WORK INSTRUCTION: Images are to be dropped, and the rest of the data reproduced exactly.
==== PROVIDED DATA ====
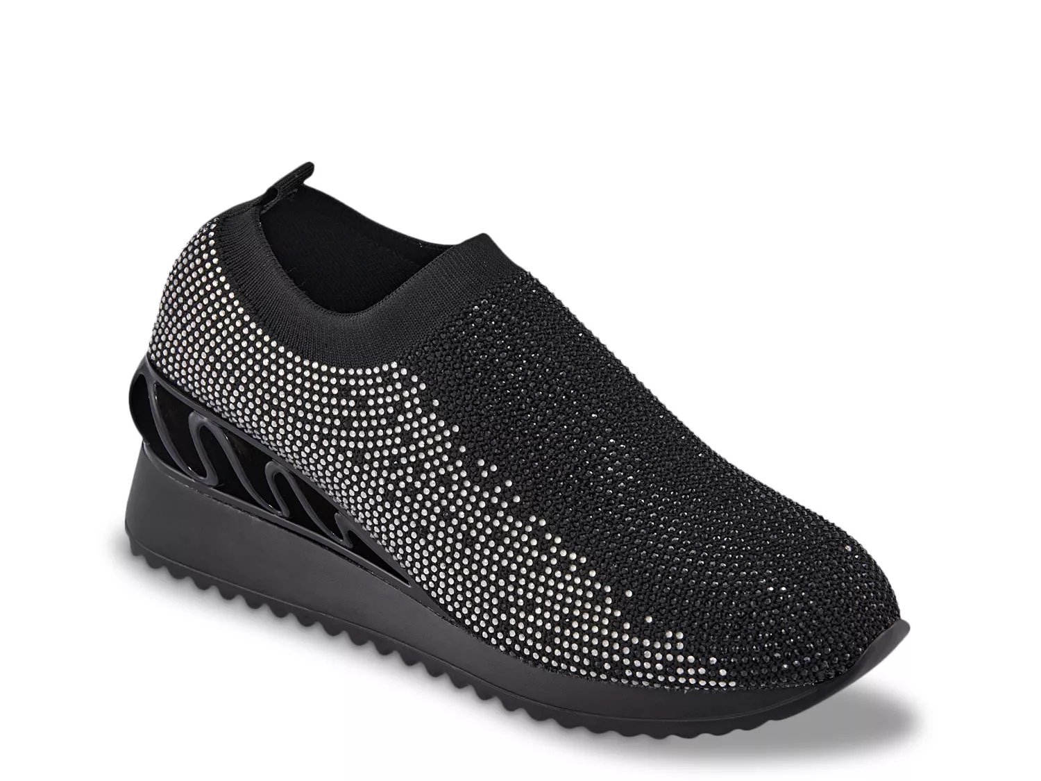 Take your fashion sense to new heights with the Bella wedge sneaker from Lady Couture. Multitonal rhinestone accents on a stretchy fabric upper and wavy heel design make this stylish slip-on a head turner from every angle.
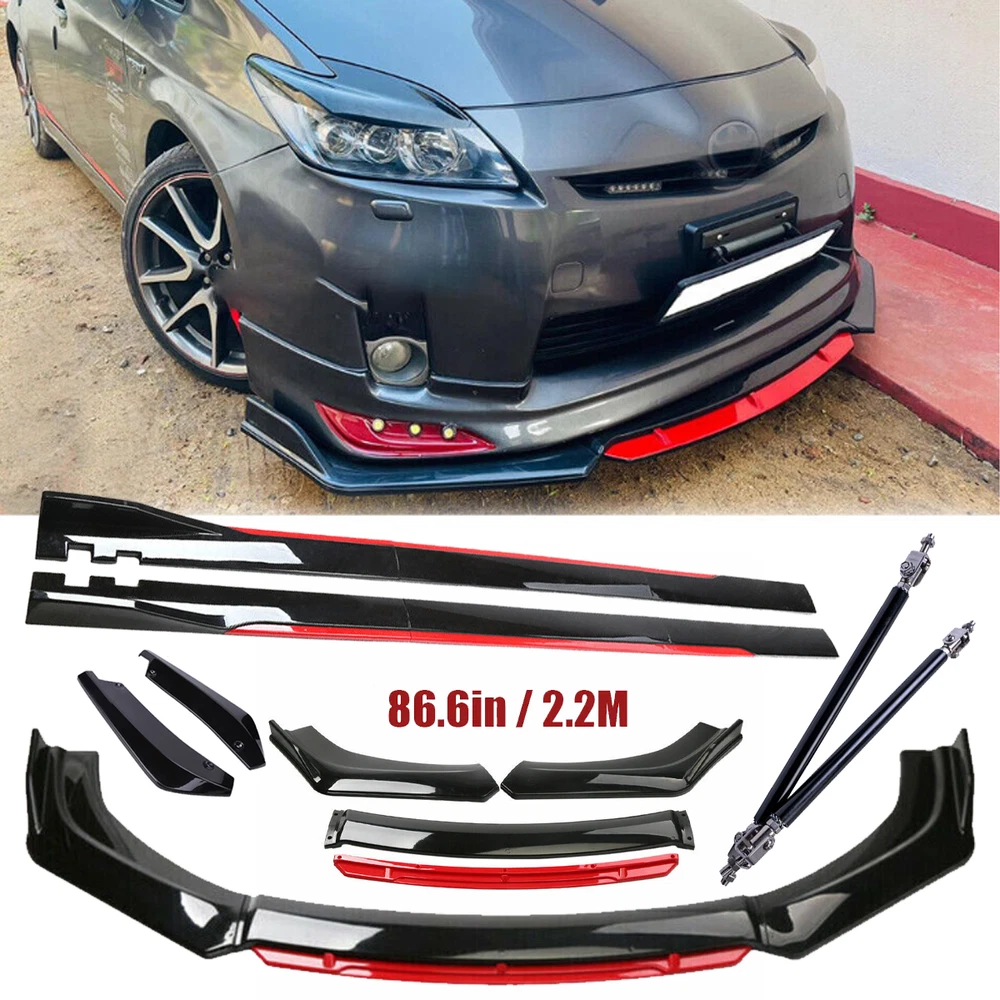 ackage 1. Front Bumper Lip Spoiler Splitter(5pcs) This front bumper lip splitter is fit for most models with front bumper size around 1750mm~1950mm. Feature: -Direct Fit. -Easy install and durable use. -Great quality and great Fitment. -Correct Connector No cutting or splicing. -Strict quality control standards to Build and test. -It'll give you a sporty look without making it too aggressive. -Light in weight and enduring, different optical line comes from different points of view. *Instruction Not Included, Professional Installation Is Highly Recommended.* Specification: -Type:Front Lip Chin Bumper Body Kit -Material:ABS -Color: Glossy Black +Red (as pictures show) -Placement on Vehicle:Front;;Lower -Fitment Type:Performance/Custom This front bumper lip body kit is suitable for most small cars and simple. And the flanks on both sides can be adjusted to make it more suitable for the width of the front of your car. Package 2. 2 x 86.6" Side Skirt Extension ( 6pcs ) Specification: Condition: 100% Brand New and High Quality Type: Car Body Side Skirts Material: Made of high quality PP plastic, Durable Color: Glossy Black +Red (as pictures show) Side Skirt Length: 86.6in / 2.2M Position: Side Skirt Extension Features: Universal modified side skirt for car sedan. While the side skirts don't affect the front ground clearance too much, it enhances the side extension of the in a very pure and exciting way. A Perfect Aftermarket Replacement. Professional Installation Is Highly Recommended. Package Included 3 Rear Lip Specification: Condition: 100% Brand New and High Quality Type: Car Body Rear Lip Material: Made of high quality PP plastic, Durable Color: Glossy Black (as pictures show) Surface Finish: Glossy Black Style Rear Lip Size:48cm/19“ Placement on Vehicle: Left, Right Package Included 4 2pcs Splitter Rods Material: premium quality aluminum alloy The length can be adjustable from 8" to 11" Fitment: Universal Note: Require drilling holes into the bumper lip diffuser to attach safely to the vehicle. Package Includes: 4 pcs /set Front Lip Chin Bumper Body Kits 2 x Side Skirts 2 x Rear Lip 2 X Splitter Strut Rods 1 x Screws kit Note: Installation instruction is not included, professional installation is recommended. Please allow 1-3CM differs due to manual measurement.
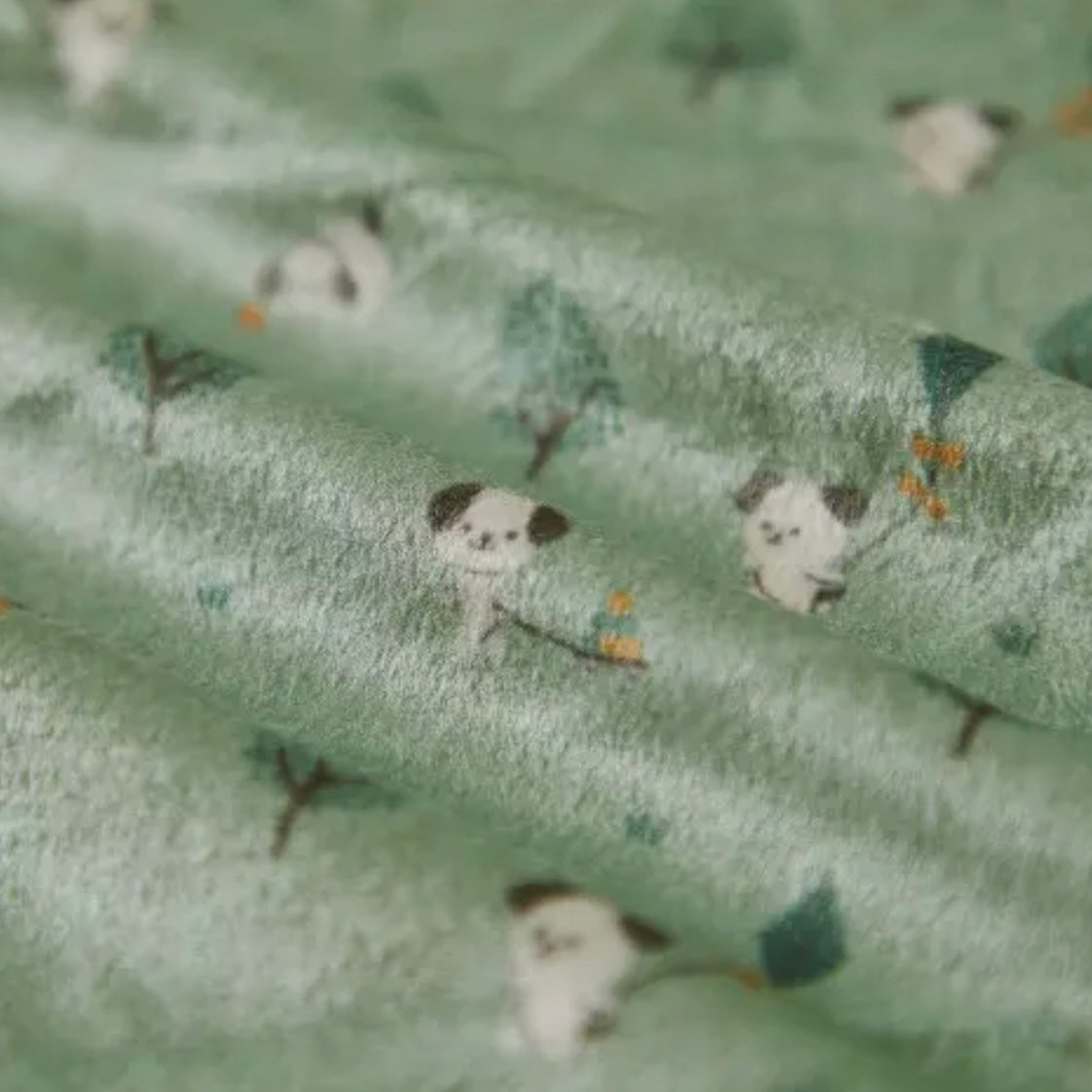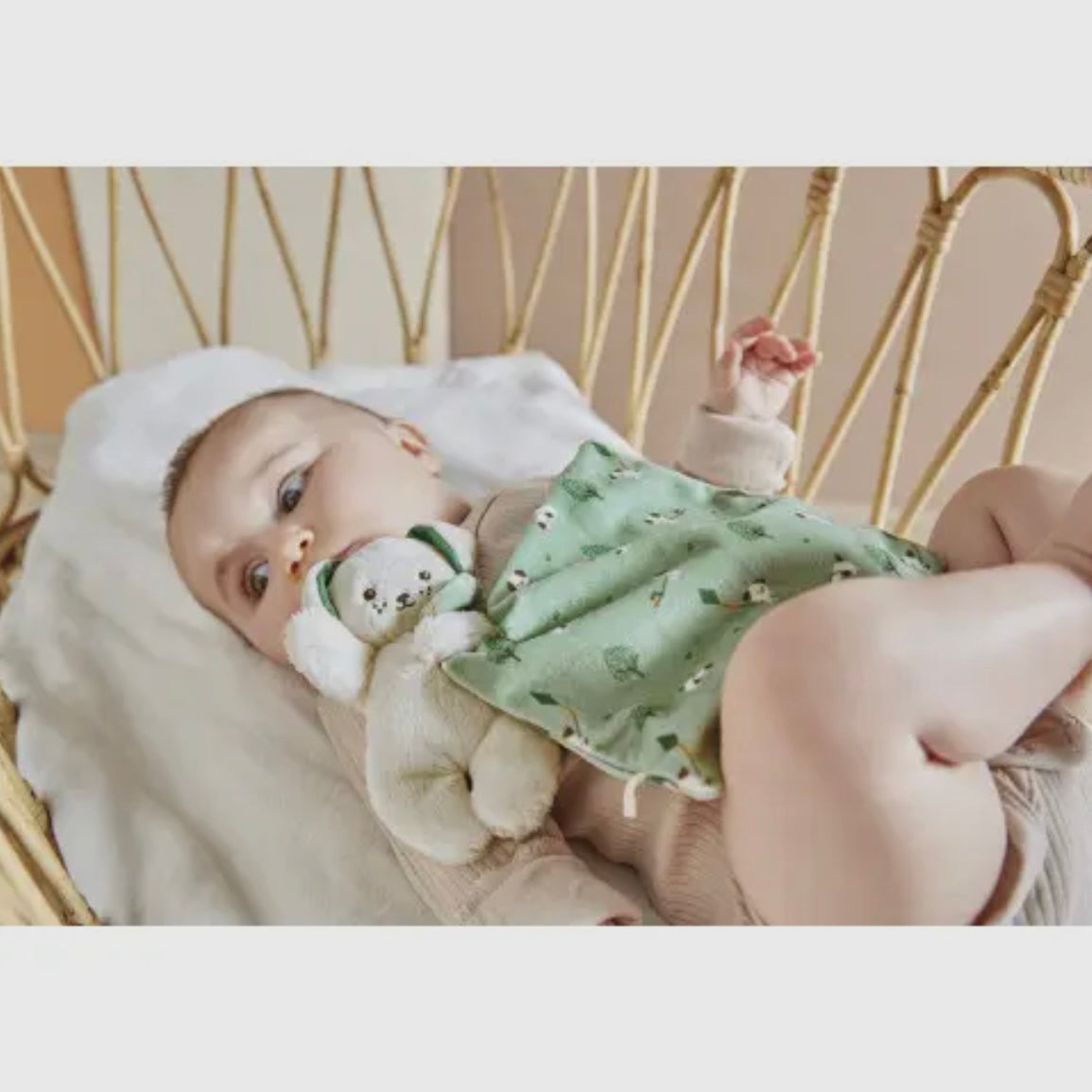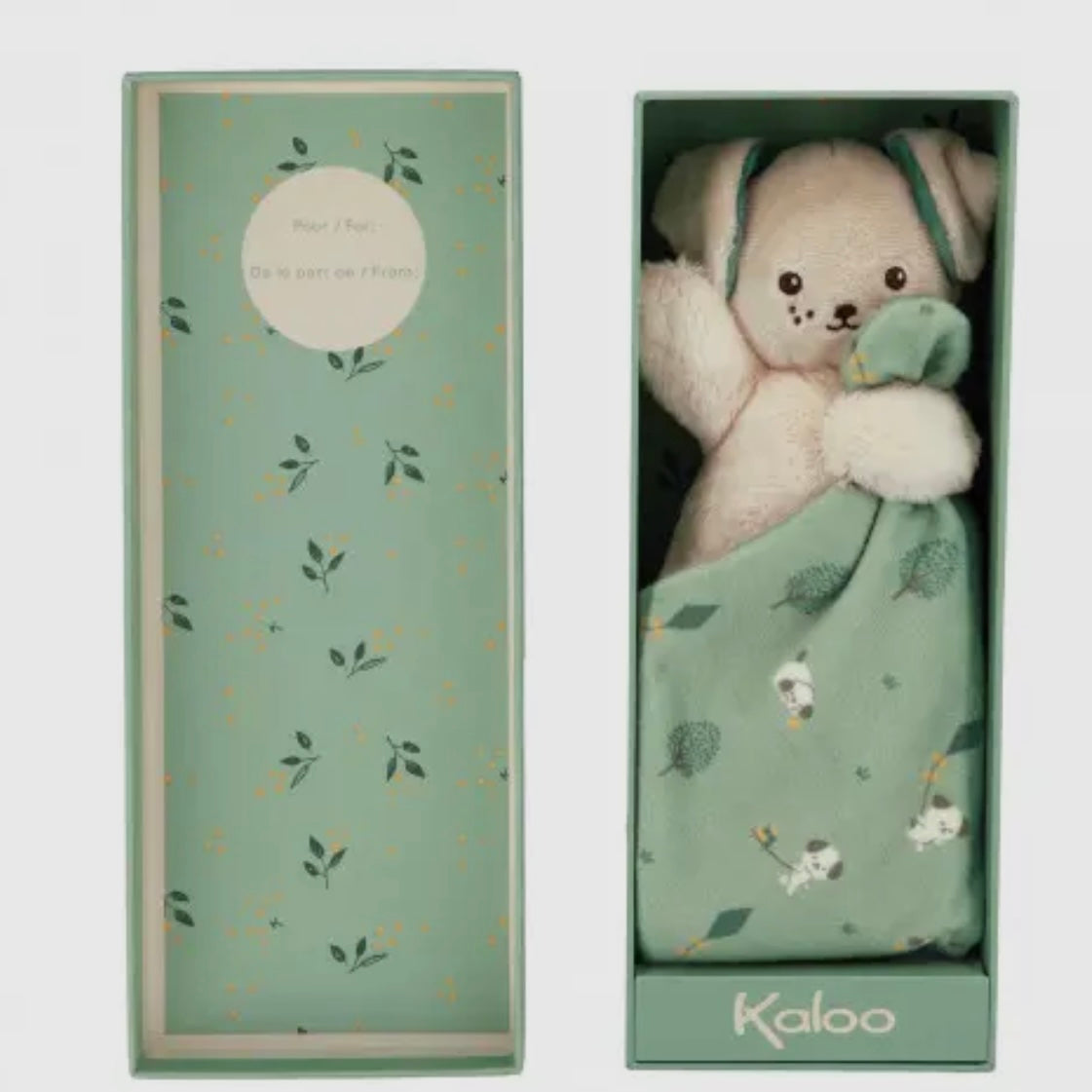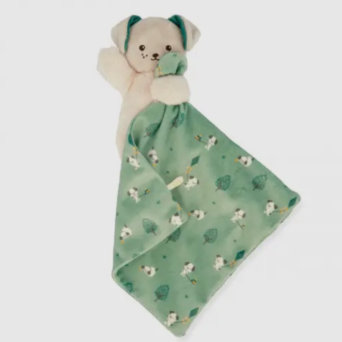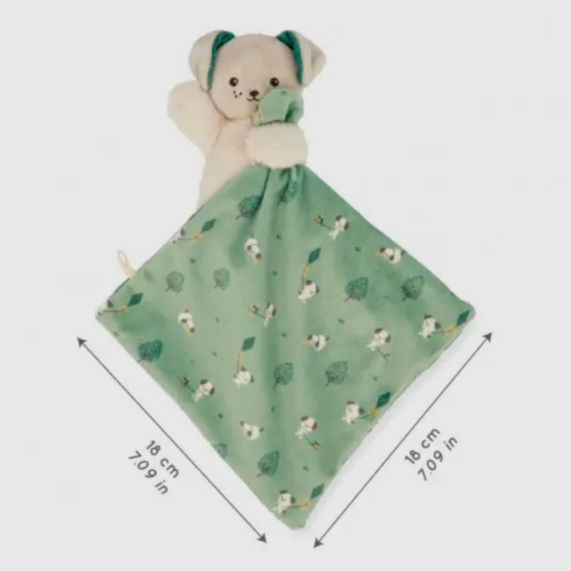 This dog enveloped in 7.09 inch green colour square of softness will be baby's favourite companion. Particular care has been taken in selecting 95% recycled materials and stuffing. With its small fluffy fur body, the dog is easy to grasp and hold by its body or its big ears. The micro-velvet square blanket between his hands is decorated with drawings of the story of a little dog playing. The colour of the delicate and poetic print is found in the dog's ears and enhances the whole. Presented in a beautiful gift box that can be reused as a storage case. It's the perfect comforter for a gift made from recycled materials. Machine washable at 30°. From birth.
====
ANSWER AREA:
 Take your fashion sense to new heights with the Bella wedge sneaker from Lady Couture. Multitonal rhinestone accents on a stretchy fabric upper and wavy heel design make this stylish slip-on a head turner from every angle.
 ackage 1. Front Bumper Lip Spoiler Splitter(5pcs) This front bumper lip splitter is fit for most models with front bumper size around 1750mm~1950mm. Feature: -Direct Fit. -Easy install and durable use. -Great quality and great Fitment. -Correct Connector No cutting or splicing. -Strict quality control standards to Build and test. -It'll give you a sporty look without making it too aggressive. -Light in weight and enduring, different optical line comes from different points of view. *Instruction Not Included, Professional Installation Is Highly Recommended.* Specification: -Type:Front Lip Chin Bumper Body Kit -Material:ABS -Color: Glossy Black +Red (as pictures show) -Placement on Vehicle:Front;;Lower -Fitment Type:Performance/Custom This front bumper lip body kit is suitable for most small cars and simple. And the flanks on both sides can be adjusted to make it more suitable for the width of the front of your car. Package 2. 2 x 86.6" Side Skirt Extension ( 6pcs ) Specification: Condition: 100% Brand New and High Quality Type: Car Body Side Skirts Material: Made of high quality PP plastic, Durable Color: Glossy Black +Red (as pictures show) Side Skirt Length: 86.6in / 2.2M Position: Side Skirt Extension Features: Universal modified side skirt for car sedan. While the side skirts don't affect the front ground clearance too much, it enhances the side extension of the in a very pure and exciting way. A Perfect Aftermarket Replacement. Professional Installation Is Highly Recommended. Package Included 3 Rear Lip Specification: Condition: 100% Brand New and High Quality Type: Car Body Rear Lip Material: Made of high quality PP plastic, Durable Color: Glossy Black (as pictures show) Surface Finish: Glossy Black Style Rear Lip Size:48cm/19“ Placement on Vehicle: Left, Right Package Included 4 2pcs Splitter Rods Material: premium quality aluminum alloy The length can be adjustable from 8" to 11" Fitment: Universal Note: Require drilling holes into the bumper lip diffuser to attach safely to the vehicle. Package Includes: 4 pcs /set Front Lip Chin Bumper Body Kits 2 x Side Skirts 2 x Rear Lip 2 X Splitter Strut Rods 1 x Screws kit Note: Installation instruction is not included, professional installation is recommended. Please allow 1-3CM differs due to manual measurement.
 This dog enveloped in 7.09 inch green colour square of softness will be baby's favourite companion. Particular care has been taken in selecting 95% recycled materials and stuffing. With its small fluffy fur body, the dog is easy to grasp and hold by its body or its big ears. The micro-velvet square blanket between his hands is decorated with drawings of the story of a little dog playing. The colour of the delicate and poetic print is found in the dog's ears and enhances the whole. Presented in a beautiful gift box that can be reused as a storage case. It's the perfect comforter for a gift made from recycled materials. Machine washable at 30°. From birth.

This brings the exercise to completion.